If it looks like a tax and walks like a tax…

This Government is proposing a significant tax on Mum and Dad landlords despite promising prior to the election that they would impose no new taxes, National’s Shadow Treasurer Andrew Bayly says.

“According to advice from Treasury, IRD, and the Ministry of Housing and Urban Development dated February 2021, the removal of interest deductibility means a landlord with a $700,000 mortgage would face a tax increase of approximately $9,240 a year.

“The Government says it is attempting to target people who own many properties, but has no answer for the many New Zealanders who invested in one rental property for their retirement and will also be affected if they have a mortgage on that property. For many, the additional tax will make their investment uneconomical and they will be left with little choice but to sell up.

“Revenue Minister David Parker said that the goal of the policy is not to get people to sell their properties. He is going to be very disappointed when he realises that is exactly what many will need to do. Or perhaps he won’t be.

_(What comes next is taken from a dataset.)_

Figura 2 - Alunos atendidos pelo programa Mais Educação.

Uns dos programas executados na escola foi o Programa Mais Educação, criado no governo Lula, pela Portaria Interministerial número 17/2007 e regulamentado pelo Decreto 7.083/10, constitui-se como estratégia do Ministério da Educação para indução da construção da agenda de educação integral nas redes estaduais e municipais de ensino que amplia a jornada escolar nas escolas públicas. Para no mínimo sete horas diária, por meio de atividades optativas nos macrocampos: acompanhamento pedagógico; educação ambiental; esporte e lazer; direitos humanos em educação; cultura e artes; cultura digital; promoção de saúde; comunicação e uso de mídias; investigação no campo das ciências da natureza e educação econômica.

“This is a blatant tax grab from a party who promised not to increase taxes, being disguised as closing a ‘loophole’.

“The Government’s consultation document reveals that the actual implications of the policy are going to be so complex that many people who currently own a rental will need to hire a tax accountant in order to be able to correctly complete their tax returns.

“This is another example of this Government wanting to impose their ideology of limiting property ownership, controlling our consumer decision-making, and even restricting our speech. Hardworking New Zealanders deserve better than this.”